Background: Joint arthrodesis employing autogenous bone graft (autograft) remains a mainstay in the treatment of many foot and ankle problems. However, graft harvest can lead to perioperative morbidity and increased cost. We tested the hypothesis that purified recombinant human platelet-derived growth factor-BB (rhPDGF-BB) homodimer combined with an osteoconductive matrix (beta-tricalcium phosphate [β-TCP]) would be a safe and effective alternative to autograft.
Methods: A total of 434 patients were enrolled in thirty-seven clinical sites across North America in a prospective, randomized (2:1), controlled, non-inferiority clinical trial to compare the safety and efficacy of the combination rhPDGF-BB and β-TCP with those of autograft in patients requiring hindfoot or ankle arthrodesis. Radiographic, clinical, functional, and quality-of-life end points were assessed through fifty-two weeks postoperatively.
Results: Two hundred and sixty patients (394 joints) underwent arthrodesis with use of rhPDGF-BB/β-TCP. One hundred and thirty-seven patients (203 joints) underwent arthrodesis with use of autograft. With regard to the primary end point, 159 patients (61.2% [262 joints (66.5%)]) in the rhPDGF-BB/β-TCP group and eighty-five patients (62.0% [127 joints (62.6%)]) in the autograft group were fused as determined by computed tomography at six months (p < 0.05). Clinically, 224 patients (86.2%) [348 joints (88.3%)]) in the rhPDGF-BB/β-TCP group were considered healed at fifty-two weeks, compared with 120 patients (87.6% [177 joints (87.2%)] in the autograft group (p = 0.008). Overall, fourteen of sixteen secondary end points at twenty-four weeks and fifteen of sixteen secondary end points at fifty-two weeks demonstrated statistical non-inferiority between the groups, and patients in the rhPDGF-BB/β-TCP group were found to have less pain and an improved safety profile.

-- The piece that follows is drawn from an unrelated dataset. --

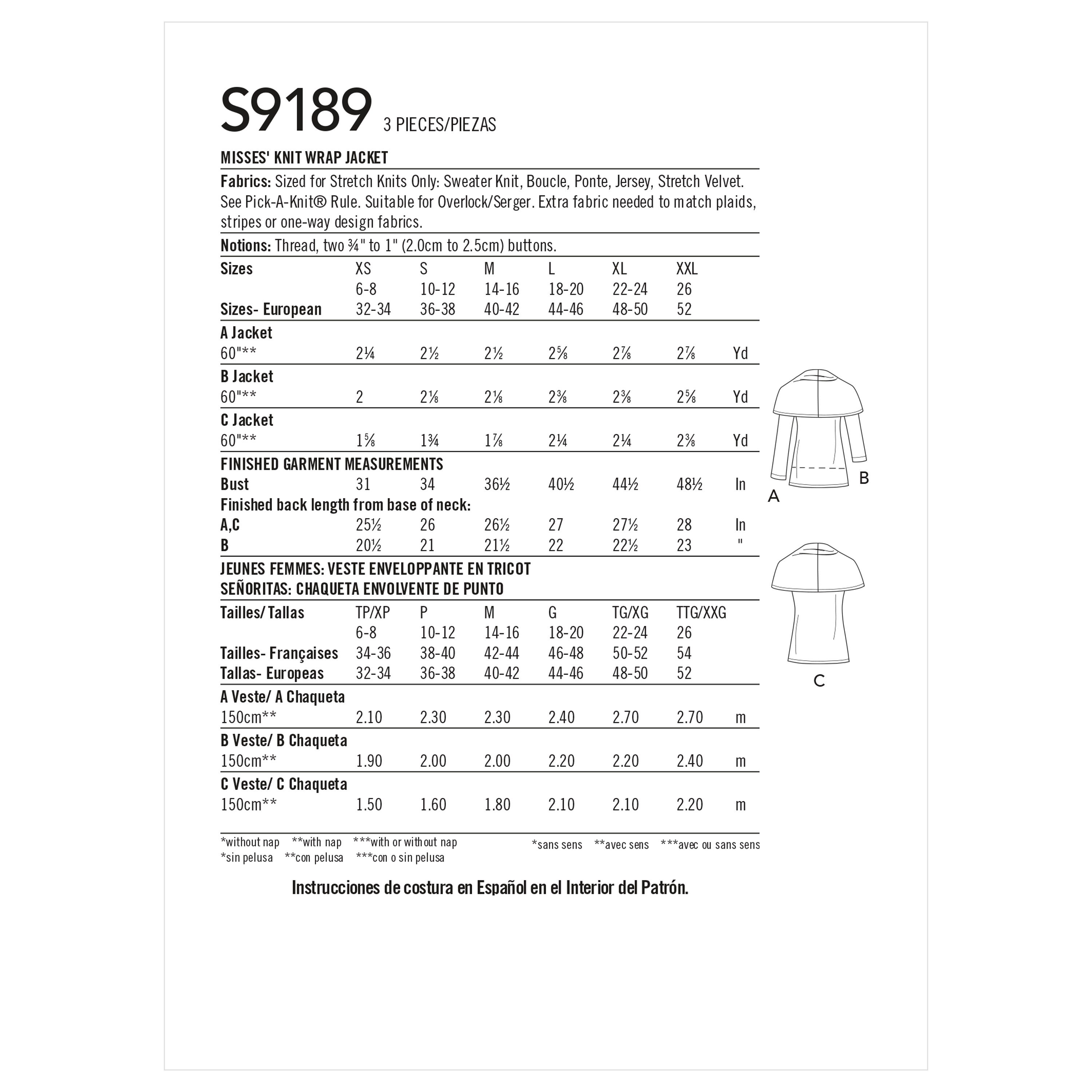 Misses' knit wrap jacket with cape collar in two lengths is sleeveless or has long or three-quarter sleeves.

Conclusions: In patients requiring hindfoot or ankle arthrodesis, treatment with rhPDGF-BB/β-TCP resulted in comparable fusion rates, less pain, and fewer side effects as compared with treatment with autograft.
Level of Evidence: Therapeutic Level I. See Instructions for Authors for a complete description of levels of evidence.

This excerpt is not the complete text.